(Extracted records)

________

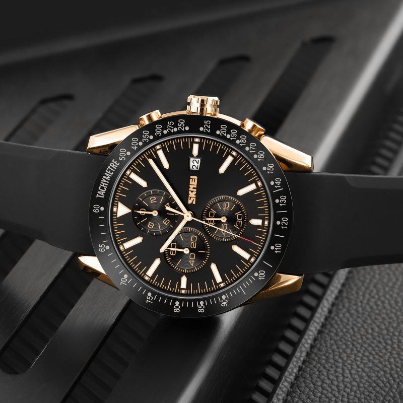 The Skmei 9253 watch with a silicone strap evokes the aesthetic of exclusive sports models from brands like the TAG Heuer Carrera and Rolex Daytona. Its elegant design, accentuated by a distinctive bezel and dial with subdials, exudes a professional, sporty character. Now you can have this luxurious, expressive style on your wrist without sacrificing the comfort and lightness of a silicone strap.
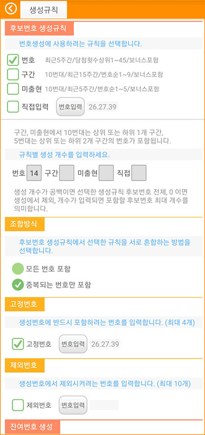 후보번호 생성규칙으로 번호, 구간, 미출현, 직접입력 방식을 제공하여 로또예상번호 조합 생성할 때 기준 자료 됩니다.
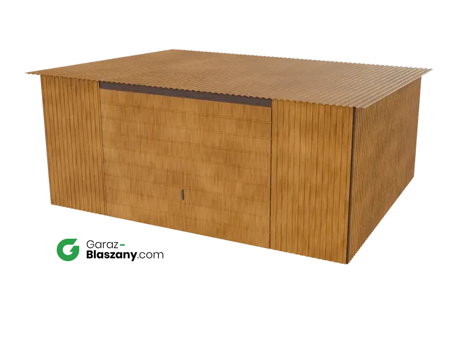 Garaż blaszany 5x4 drewnopodobny Złoty Dąb dach jednospadowy brama uchylna
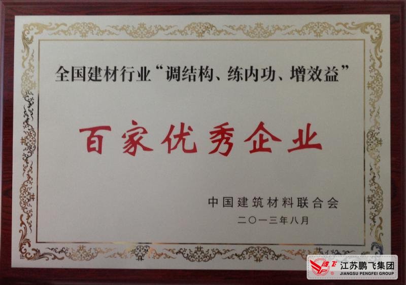 为树立典型,有效遏制经济效益下滑,推进建材行业调整结构和转型升级,弘扬正能量,发挥优秀企业的典型示范作用,促进行业科学发展,中国建材联合会与各省市地方建材行业协会联手开展推荐表彰“调结构、练内功、增效益”百家优秀企业评比表彰活动。江苏鹏飞集团强抓市场机遇,坚持科学发展之路,创新经营模式,被授予“调结构、练内功、增效益”百家优秀企业荣誉称号。
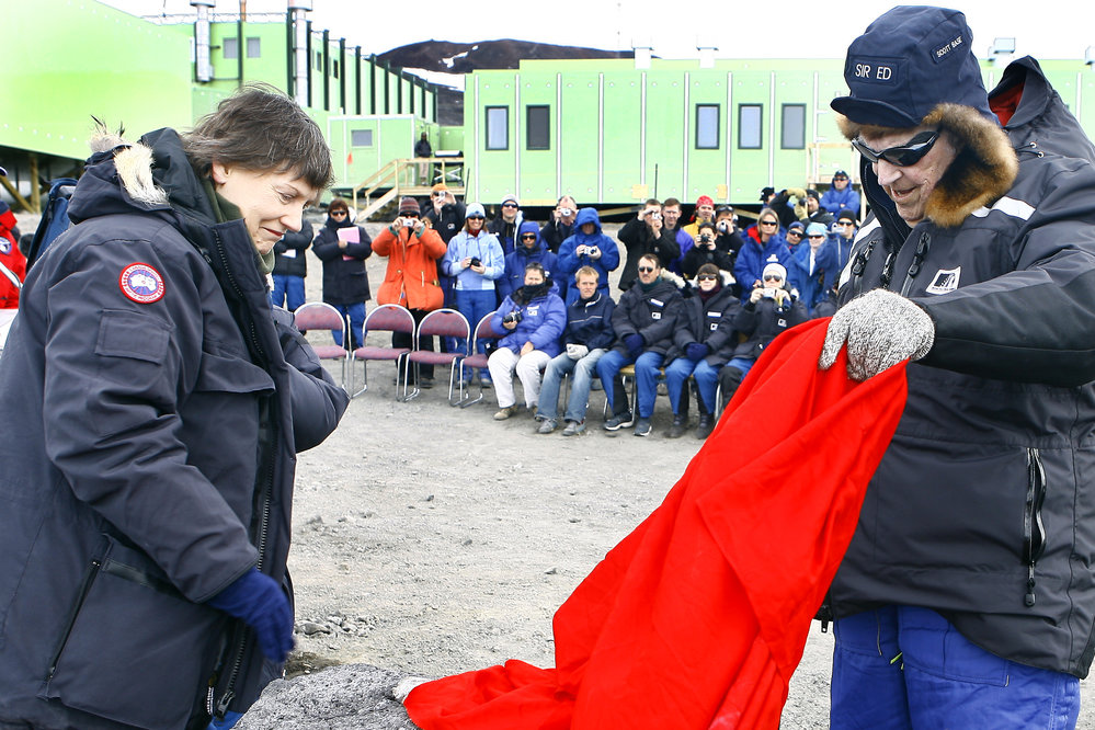 NZ Prime Minister Helen Clark and Sir Edmund Hillary Removing the Shroud from the Commemorative Plaque. Antarctica NZ, accessed 02/04/2026, https://adam.antarcticanz.govt.nz/nodes/view/48341

________

## About this exercise
Output the data exactly. Pictures don't belong in the result.

## Your response
 The Skmei 9253 watch with a silicone strap evokes the aesthetic of exclusive sports models from brands like the TAG Heuer Carrera and Rolex Daytona. Its elegant design, accentuated by a distinctive bezel and dial with subdials, exudes a professional, sporty character. Now you can have this luxurious, expressive style on your wrist without sacrificing the comfort and lightness of a silicone strap.
 후보번호 생성규칙으로 번호, 구간, 미출현, 직접입력 방식을 제공하여 로또예상번호 조합 생성할 때 기준 자료 됩니다.
 Garaż blaszany 5x4 drewnopodobny Złoty Dąb dach jednospadowy brama uchylna
 为树立典型,有效遏制经济效益下滑,推进建材行业调整结构和转型升级,弘扬正能量,发挥优秀企业的典型示范作用,促进行业科学发展,中国建材联合会与各省市地方建材行业协会联手开展推荐表彰“调结构、练内功、增效益”百家优秀企业评比表彰活动。江苏鹏飞集团强抓市场机遇,坚持科学发展之路,创新经营模式,被授予“调结构、练内功、增效益”百家优秀企业荣誉称号。
 NZ Prime Minister Helen Clark and Sir Edmund Hillary Removing the Shroud from the Commemorative Plaque. Antarctica NZ, accessed 02/04/2026, https://adam.antarcticanz.govt.nz/nodes/view/48341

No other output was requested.